I adored trailing through Chaucer at school and Jane Austen because our teachers were phenomenal – they passed on their passion in spades. I also adore Isabel Allende, Joanne Harris and Tracy Chevalier for the worlds they float me to, their fierce attention to detail, their reverence for feisty and sensitive female protagonists.
Who would be on your dream dinner party guest list and why?
What a wonderful question! I think I would need to balance some literary genius with a robust amount of gregarious personalities; Cleopatra beside the Bronte sisters and Jane Austen. Audrey Hepburn for elegant conversation. Grace Kelly to spin me on the dance floor after dinner. Marcus Aurelius to lead some philosophical meanderings, perhaps Buster Keaton to liven up proceedings and Amelia Earhart for stimulating descriptions of adventures to keep us all entertained.
Oooh, a dinner to remember. Perhaps a new, experimental novel idea?? We’d love to hear the conversations around that table!
Can you describe the best meal of your life? (We know it’s hard for foodies to pick just one, so a compound answer is just fine.)
That’s a toughie! Amongst the top ten is a Brazilian feast we ate at a churrascaria in San Francisco. The meats were phenomenal and the salad bar was strewn with dishes prepared with such passion and care, you could taste the attention poured over them back in the kitchen. A close second is the fish feast we have annually at my favourite restaurant L’Artista, in San Teodoro, Sardinia. The freshest seafood, cooked simply, with high quality ingredients accompanied by excellent wine – heaven.
What is always in your fridge or pantry?
Coconut milk. A dairy’s worth of parmesan and pecorino. Pasta and lentils of any colour. Monsooned Malabar coffee beans.
Why are you drawn to write about food?
Food is a language. It’s expressive. It describes the feelings of the cook, the state of mind they were in during prep. It’s laced with messages about the care the cook feels for the people they prepare for, and, for themselves. It’s an act of vulnerability and creativity. It’s the magic of alchemy. When I’m having a bad day I take the making of a broth very seriously and show myself a little love. For my Sardinian family, who are of few words, this is how they express their deepest feelings.
We couldn’t agree more (and couldn’t be more charmed by your Sardinian family)! Can you describe how you feel about the intersection between food and writing? Perhaps share some cooking tips or a recipe?
My favourite part of the writing process for Under a Sardinia Sky was delving deeply into the descriptions and acts of preparing food. It is important to me that food, much like sex, should not appear in a story for it’s own sake but because it reveals something deeper about the character and their personal journey. Food is an incredibly sensual way to explore character and story. I love trying new things, creating dishes and growing our own produce. Food is a portal to other lands, and, sometimes as close to time travel as you can get without drawing on the complexities of Quantum.

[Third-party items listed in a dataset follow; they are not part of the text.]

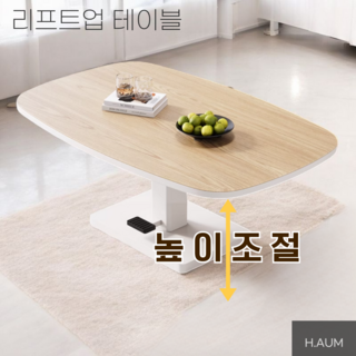 하움가구 리프트업 거실 테이블 소파테이블 높이조절, 화이트프레임, 내츄럴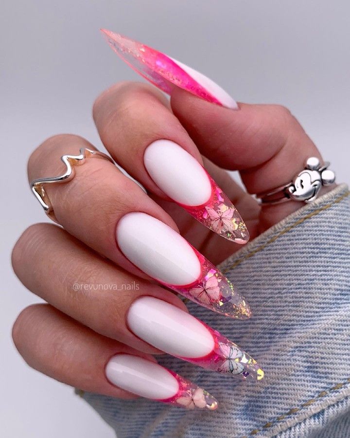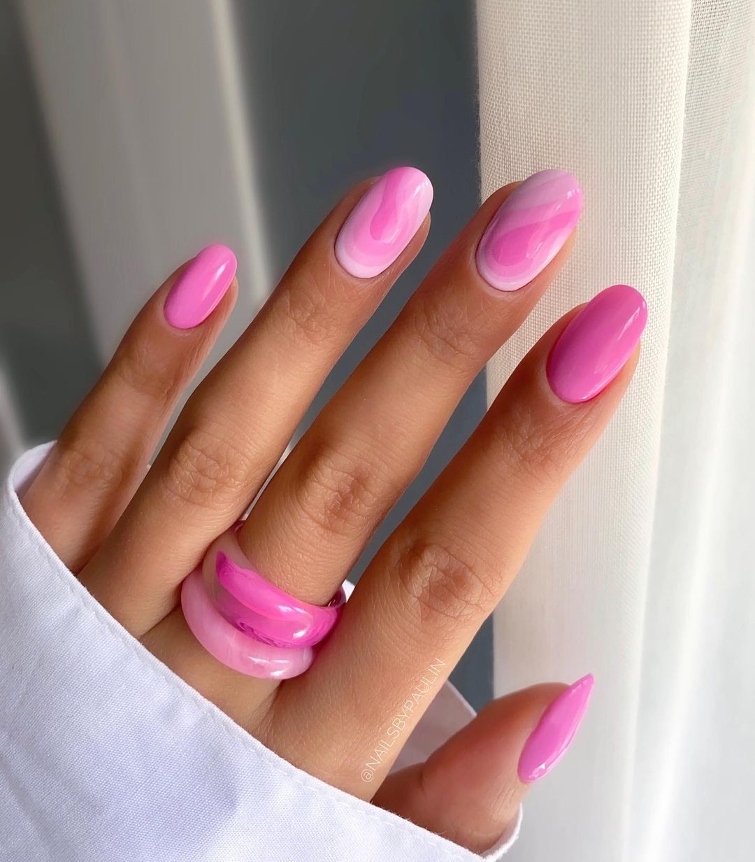 Нежный маникюр в мае обязательно должен быть розовым. Можно обратить внимание на оттенок фуксии или вива маджента. Но самым актуальным будет нежный оттенок pink в пастельном варианте. На такой базе отлично смотрится контрастный рисунок цветов или бабочек.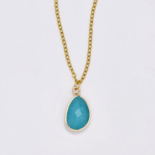 SSYN6014 - St Steel 43cm + 5cm natural faceted stone teardrop necklace
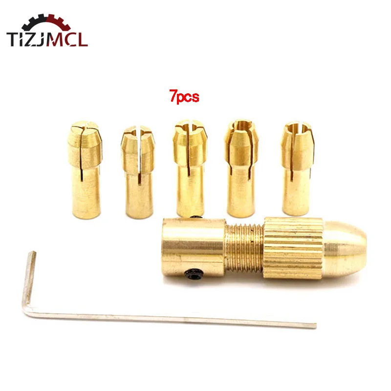 Патрон для дрели, 7 шт., медная папка для дрели, медный колпачок, оси, Цанга для дрели с гаечным ключом 22,354,055,05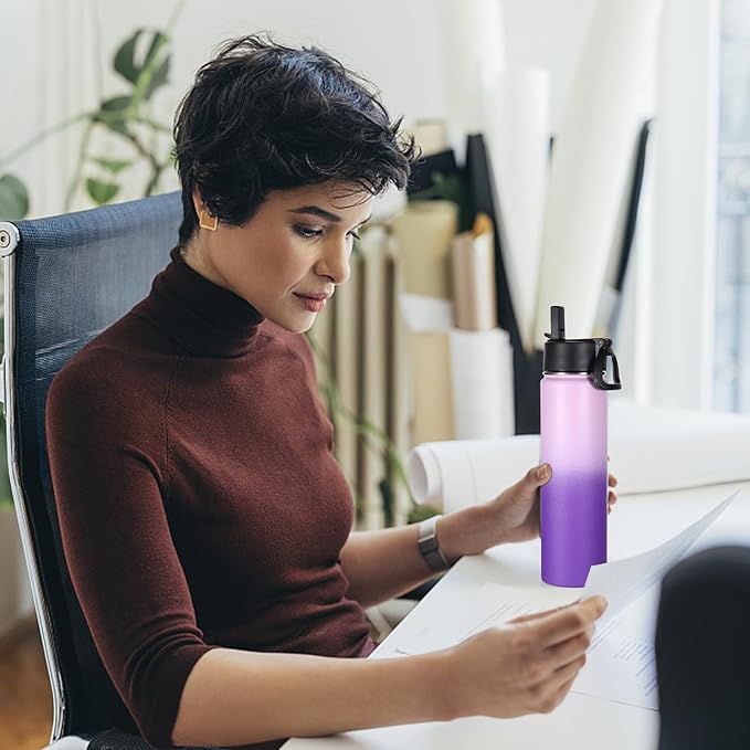 - VACUUM INSULATION DOUBLE WALL: The water bottle is designed with vacuum insulation, which can keep your drink warm for 12 hours and cold for 18 hours, perfect for you to use at home or take with you when you go out for traveling.

If I prepare gnochetti and fresh sauce to perfection I am in my grandma’s kitchen aged 6. To summon the spirits of Sardinia: Tip a couple of fists full of dried gnochetti (do not confuse with potato gnocchi) per person into plenty of salted simmering water. Whilst they’re cooking heat a smushed clove of garlic gently until it begins to soften in two tablespoons of olive oil. Add a bottle of passata, season well, bring to the boil then reduce to a simmer. Stir in a little sugar or nub of dark chocolate and, when it’s cooked through (20 mins or so), tip in several fresh basil leaves, immediately turning off the heat. Allow to infuse. When the gnochetti are cooked, drain and stir them into the sauce pan, coating every little nub with the sweet tomato. Be generous with some more grated pecorino.
Delicious. Thank you, Sara. We’ll be scouring the internet for the next flight to Sardinia. All the best with your beautiful novel, and may the gnochetti-eating commence.